Anderson, izleyiciye Dahl’ın düzyazısını aktarmakla kalmıyor çeşitli kişilerin karakter ve anlatıcı olarak çifte görev üstlenmesini sağlayarak daha önce de yeniden yaratma üzerine bahsettiğim gibi Dahl’ın hikayesini yeniden üretiyor. Üçüncü şahıs yorumlarını ve ayrıca kendi diyaloglarını anlatmak için doğrudan kameraya konuşan Anderson’ın kahramanlarının hepsi hikaye anlatıcıdır. Onların hikayeleri, bir bakıma hikaye anlatıcılığının bir festivali haline geliyor. Bu fikir, ister dördüncü duvarı kıran çeşitli figürler, bir sahnedeymiş gibi ortaya çıkan ve kaybolan çeşitli setler, araba sürme ve açık havada yürüyüş sahneleri, animasyonlu arka planlar veya mürettebat olsun, tüm çabanın öz bilinciyle yeniden yaratmanın hikayesi vurgulanıyor.
Yine olaylar yeniden yaşanıyor. Yaratım rekreasyondan başka bir şey değildir ve hikayeler, hikayeleri sırf yeniden anlatıldığı için anlatır. Anlatım bir gerçek değil, bir eylemdir. Kelimeleri yiyen mükemmel ve palindromik görüntüler aracılığıyla sinemayı yutan hassas sinema makinesi gibi, yönetmen de sanatın kendisini, anlamanın bir yolunu bulup parça parça yaratmayı başarıyor. Sinema, oluşturun ve yeniden yaratın demenin başka bir yoludur.
Aslında bu kısa filmde, anlatanın hikayesi anlatılıyor… Bir ikinci kişi, bir duyumu anlatır. İç içe geçmiş anlatımla içeriye doğru genişleyen bir karakterin analizi yapılır. Yunus’un sözü gibi… “Bir ben var, benden…” bir göz var benden içeride, gözlerimi kapatınca görmeye başlıyorum.
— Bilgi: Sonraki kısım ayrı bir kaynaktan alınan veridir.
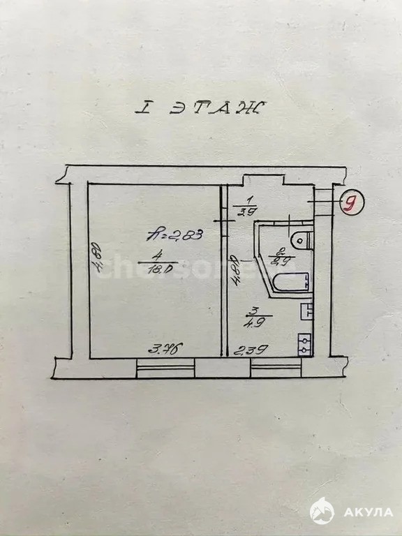 Площадь – 29, 7 кв.м, жилая – 18 кв.м, кухня – 4, 9 кв.м. Высокие потолки 2, 8 м придают ощущение простора даже в небольшой квартире. Расположена на 1 этаже 2-этажного дома 1957 года постройки.

Filmdeki bütün fantezi uçuşlarına rağmen Anderson hem stil hem de içerik açısından titizlikle verimli bir film çıkarmış. Anderson, her biri diğerinden özgürce akan ve yıldızlarının motor ağızlı replikleri sayesinde hızlı bir şekilde hareket eden çok sayıda hikayeyi 40 dakikaya sıkıştırıyor. Bu tempo, tıpkı ünlü oyuncu kadrosunun muhteşem performansları gibi, duruşmanın ruhu açısından hayati önem taşıyor. Cumberbatch’in perdedeki titiz kişiliği, Anderson’un dengeli ve bakımlı sinemasına doğal bir uyum sağlıyor ve Kingsley’in, ideal bir şekilde yaratılmış bir yüzü var. Patel ve Ayoade ise senaryodaki gevezeliklerle baş etme konusunda son derece ustalar.
Anderson’ın kısa filmi, aynı zamanda kitapta da olduğu gibi, en saf haliyle, açgözlülük ve özveriyle ve gerçeklerin bedenle değil, daha derin bir şey aracılığıyla görülüp anlaşılmasıyla ilgili kurnazca bir masaldır.
40 dakika, fakat elmas kadar sert ve kıymetli bir film…
Yönetmen: Wes Anderson
Senarist: Wes Anderson
Oyuncular: Benedict Cumberbatch, Ralph Fiennes, Ben Kingsley
Tür:Komedi, Dram
Süre: 40 dk
Yıl: 2023
Yayın: 27 Eylül 2023
[1] Kur’an’da: Kaf/16, Sebe/50, Bakara/86, Vâkıa/85. İncil’de: Mezmurlar 138:3, Yeşu 1:9, Matta 10:20
[2] Tiyatrosu, müziği Sinkane’e ait bir müzikaldir.
[3] Sudaki Yaşam, Kalamar ve Balina vd.